Recorded data:
━━━━━━━━━━━━━━━━
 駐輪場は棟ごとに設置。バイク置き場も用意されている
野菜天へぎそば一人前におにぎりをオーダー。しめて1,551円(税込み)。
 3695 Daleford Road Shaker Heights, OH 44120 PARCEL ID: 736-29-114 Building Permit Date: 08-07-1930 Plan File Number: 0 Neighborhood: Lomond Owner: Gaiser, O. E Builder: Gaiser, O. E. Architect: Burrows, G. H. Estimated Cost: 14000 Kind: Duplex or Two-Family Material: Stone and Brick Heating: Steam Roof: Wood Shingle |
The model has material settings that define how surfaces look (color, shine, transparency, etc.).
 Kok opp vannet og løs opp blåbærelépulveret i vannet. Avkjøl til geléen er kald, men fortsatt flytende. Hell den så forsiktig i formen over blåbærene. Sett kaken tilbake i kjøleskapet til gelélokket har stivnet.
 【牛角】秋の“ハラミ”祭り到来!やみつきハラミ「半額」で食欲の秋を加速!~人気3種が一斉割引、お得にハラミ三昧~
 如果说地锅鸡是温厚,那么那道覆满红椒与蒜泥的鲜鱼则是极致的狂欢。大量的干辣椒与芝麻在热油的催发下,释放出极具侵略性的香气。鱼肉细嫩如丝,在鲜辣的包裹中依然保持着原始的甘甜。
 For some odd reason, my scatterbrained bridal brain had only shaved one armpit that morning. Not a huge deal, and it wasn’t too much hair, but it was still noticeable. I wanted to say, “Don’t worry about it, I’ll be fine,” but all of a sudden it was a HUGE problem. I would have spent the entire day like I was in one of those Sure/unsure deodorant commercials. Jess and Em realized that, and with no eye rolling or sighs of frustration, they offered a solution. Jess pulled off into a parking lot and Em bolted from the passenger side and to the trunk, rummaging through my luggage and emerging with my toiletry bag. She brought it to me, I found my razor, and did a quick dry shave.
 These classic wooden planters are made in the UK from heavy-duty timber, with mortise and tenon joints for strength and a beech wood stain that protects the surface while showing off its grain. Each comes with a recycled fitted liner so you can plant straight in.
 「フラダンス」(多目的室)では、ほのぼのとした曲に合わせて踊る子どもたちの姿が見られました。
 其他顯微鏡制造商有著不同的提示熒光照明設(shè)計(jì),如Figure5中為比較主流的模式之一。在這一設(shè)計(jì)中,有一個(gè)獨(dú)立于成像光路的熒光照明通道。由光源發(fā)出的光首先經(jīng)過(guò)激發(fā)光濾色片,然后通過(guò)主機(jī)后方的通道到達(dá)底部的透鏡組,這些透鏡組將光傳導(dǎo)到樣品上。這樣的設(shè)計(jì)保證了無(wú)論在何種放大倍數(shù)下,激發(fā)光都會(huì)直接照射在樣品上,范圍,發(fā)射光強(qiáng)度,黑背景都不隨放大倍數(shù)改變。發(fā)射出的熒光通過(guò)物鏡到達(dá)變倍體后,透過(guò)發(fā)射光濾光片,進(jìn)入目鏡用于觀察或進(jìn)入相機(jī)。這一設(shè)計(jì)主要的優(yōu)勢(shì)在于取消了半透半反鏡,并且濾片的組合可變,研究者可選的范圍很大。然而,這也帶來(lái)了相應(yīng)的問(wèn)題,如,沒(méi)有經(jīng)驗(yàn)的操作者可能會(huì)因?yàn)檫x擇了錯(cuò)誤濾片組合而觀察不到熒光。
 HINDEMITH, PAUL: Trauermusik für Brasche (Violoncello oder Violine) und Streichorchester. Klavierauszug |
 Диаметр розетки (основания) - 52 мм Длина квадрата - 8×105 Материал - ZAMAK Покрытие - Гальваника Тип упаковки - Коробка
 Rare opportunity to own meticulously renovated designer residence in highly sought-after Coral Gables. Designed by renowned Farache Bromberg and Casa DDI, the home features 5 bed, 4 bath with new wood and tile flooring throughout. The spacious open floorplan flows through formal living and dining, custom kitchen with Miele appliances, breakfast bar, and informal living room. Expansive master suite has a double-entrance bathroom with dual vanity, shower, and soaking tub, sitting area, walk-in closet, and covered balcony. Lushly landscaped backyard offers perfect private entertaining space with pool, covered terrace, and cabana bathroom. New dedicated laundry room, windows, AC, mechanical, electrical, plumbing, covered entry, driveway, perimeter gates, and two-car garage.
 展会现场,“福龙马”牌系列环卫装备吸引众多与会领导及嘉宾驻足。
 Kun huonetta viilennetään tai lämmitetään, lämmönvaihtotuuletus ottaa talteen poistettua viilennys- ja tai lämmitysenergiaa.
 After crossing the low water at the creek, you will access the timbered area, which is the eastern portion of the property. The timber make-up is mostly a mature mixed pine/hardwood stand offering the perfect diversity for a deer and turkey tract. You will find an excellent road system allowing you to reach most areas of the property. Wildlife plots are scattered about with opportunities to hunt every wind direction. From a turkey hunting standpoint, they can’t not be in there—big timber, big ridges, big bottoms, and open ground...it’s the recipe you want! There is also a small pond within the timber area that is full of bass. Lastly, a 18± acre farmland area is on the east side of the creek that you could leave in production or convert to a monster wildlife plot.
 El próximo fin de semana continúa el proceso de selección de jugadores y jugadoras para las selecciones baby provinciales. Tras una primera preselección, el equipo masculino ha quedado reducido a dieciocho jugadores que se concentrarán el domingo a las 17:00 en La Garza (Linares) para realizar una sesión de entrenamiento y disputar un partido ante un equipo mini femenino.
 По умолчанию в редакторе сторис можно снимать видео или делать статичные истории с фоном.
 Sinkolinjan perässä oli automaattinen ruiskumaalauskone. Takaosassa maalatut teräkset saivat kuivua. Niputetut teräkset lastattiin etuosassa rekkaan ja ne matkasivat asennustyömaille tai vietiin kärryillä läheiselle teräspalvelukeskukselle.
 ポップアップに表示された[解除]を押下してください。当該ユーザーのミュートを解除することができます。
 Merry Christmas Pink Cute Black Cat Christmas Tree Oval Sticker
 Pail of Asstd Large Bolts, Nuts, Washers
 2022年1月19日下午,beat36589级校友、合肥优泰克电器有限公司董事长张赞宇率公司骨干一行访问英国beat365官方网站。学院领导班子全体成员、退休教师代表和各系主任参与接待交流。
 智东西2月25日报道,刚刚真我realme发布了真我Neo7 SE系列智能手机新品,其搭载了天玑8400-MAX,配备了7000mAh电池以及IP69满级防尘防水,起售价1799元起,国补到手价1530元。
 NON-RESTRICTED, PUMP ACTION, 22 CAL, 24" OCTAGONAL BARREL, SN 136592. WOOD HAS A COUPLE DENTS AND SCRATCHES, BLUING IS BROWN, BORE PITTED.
━━━━━━━━━━━━━━━━
• _ACTION ITEM_
Whenever a line above includes the string "through", copy it.

• _FINISHED EXERCISE_
 For some odd reason, my scatterbrained bridal brain had only shaved one armpit that morning. Not a huge deal, and it wasn’t too much hair, but it was still noticeable. I wanted to say, “Don’t worry about it, I’ll be fine,” but all of a sudden it was a HUGE problem. I would have spent the entire day like I was in one of those Sure/unsure deodorant commercials. Jess and Em realized that, and with no eye rolling or sighs of frustration, they offered a solution. Jess pulled off into a parking lot and Em bolted from the passenger side and to the trunk, rummaging through my luggage and emerging with my toiletry bag. She brought it to me, I found my razor, and did a quick dry shave.
 Rare opportunity to own meticulously renovated designer residence in highly sought-after Coral Gables. Designed by renowned Farache Bromberg and Casa DDI, the home features 5 bed, 4 bath with new wood and tile flooring throughout. The spacious open floorplan flows through formal living and dining, custom kitchen with Miele appliances, breakfast bar, and informal living room. Expansive master suite has a double-entrance bathroom with dual vanity, shower, and soaking tub, sitting area, walk-in closet, and covered balcony. Lushly landscaped backyard offers perfect private entertaining space with pool, covered terrace, and cabana bathroom. New dedicated laundry room, windows, AC, mechanical, electrical, plumbing, covered entry, driveway, perimeter gates, and two-car garage.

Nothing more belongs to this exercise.